Who you asked to be your bridesmaid three years ago was based on your friendship with her at that time. Her not asking you to be hers right now is based on your friendship as it exists presently. You stay in touch, but you are not as close as you once were. She is now closer to her other friend since they are both single and share more in common. Now that she is married, you might try to do more together and she may be drawn closer to you. But, she may not. We tend to change a lot as we mature. Friends I had in HS and college now sometimes seem foreign to me.

Talk to her about all of this and see how she feels. Don't be that person that can't let an old friendship run its course.


----------



## no name (Aug 4, 2016)

.


----------



## Marc878 (Aug 26, 2015)

*Re: 27 years Friendship, excluded from wedding!*

Life constantly changes. IMO just move on like she has. Always watch actions words are meaningless.


----------



## no name (Aug 4, 2016)

.


----------



## Marc878 (Aug 26, 2015)

*Re: 27 years Friendship, excluded from wedding!*



no name said:


> It's very hard to move on when you know someone practically your whole life, we were like 7 and inseparable for most of it. it's like cutting off a limb.

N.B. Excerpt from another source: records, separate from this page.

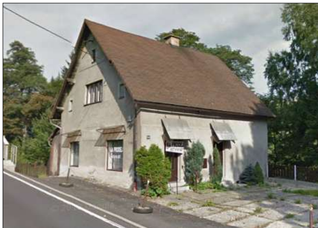
Fotografie č. 4: Dům na Smržovce (Naproti Centru)

Další dům u hlavní silnice mezi Tanvaldem a Smržovkou vlastní paní Lavičková z Velkých Hamrů. „U Centra“ se mu říká, neboť naproti se nachází nízkoprahové zařízení pro děti a mládež. Než jsme se do domu vypravili, provedli jsme rozhovor právě s majitelem. Dozvěděli jsme se, že všichni nájemníci bydleli dříve ve Velkých Hamrech, majitel se s nimi znal a nabídl jim bydlení. V uplynulých měsících se podařilo zrekonstruovat 5 ze 6 bytových jednotek, obydlené byly v době výzkumu 4 (u 5. se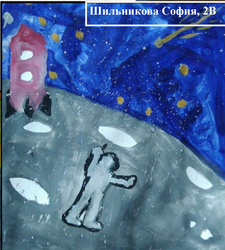
Шильникова София, 2В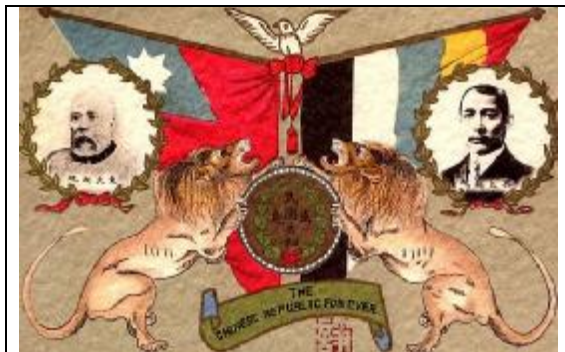
Плакат в честь провозглашения Китайской республики с портретами Юань Шикая и Сунь Ятсена

открыт для службы. С мая 1999 г. стал туристическим объектом с категорией ААА (рекомендуемые к посещению объекты национального наследия).

I know she has moved on but I'm finding it really difficult to let go. What you say makes sense.
> 
> 
> Sent from my iPhone using Tapatalk


Yes, change is always hard but a one sided friendship is meaningless. Perhaps in time you may reconnect but don't count on it. Go your own way. I've found that when one thing ends another always opens up.


----------



## Bobby5000 (Oct 19, 2011)

*Re: 27 years Friendship, excluded from wedding!*

Please get over it. I have one group of family members who are constantly looking at small slights. Once they complained bitterly about the table at a shower and I tried to act as an intermediary and brought it up with the bride's family. What a nitwit I was. I upset them and our relationship was never the same. I apologized some years later. In contrast, I have another family member who is popular and successful and never lets small things like this bother him. He tends to be the life of the party, women love him, guys like him and its the way to be.


----------



## MattMatt (May 19, 2012)

*Re: 27 years Friendship, excluded from wedding!*



no name said:


> We have spoken about it. When she initially told me, I was a candidate for being her bridesmaid, she originally would have liked to have 2 but there are all these other issues with her hubby to factor in which I won't get in to. So she had to choose between us 2. She made her choice because yes in that life stage she feels closer to her, it was a hard decision for her to make. It's not just not being in the party, she barely spoke to me through out since then, she couldn't find not one single thing to include me in it , not even a reading. She considers myself and this other friend as her top tier friends and keeps saying that she still cherishes our friendship etc but I don't see any actions to prove this and i don't feel like this supposed top tier friend. She thought that I'd be ok with being excluded out of everything and I wouldn't mind. It's hard to know what the right thing to do is. Should i just stop whinging to myself and get over this or do I have right to feel like this ?
> 
> 
> Sent from my iPhone using Tapatalk


You know, @no name, it's almost as if she was trying to punish you for something.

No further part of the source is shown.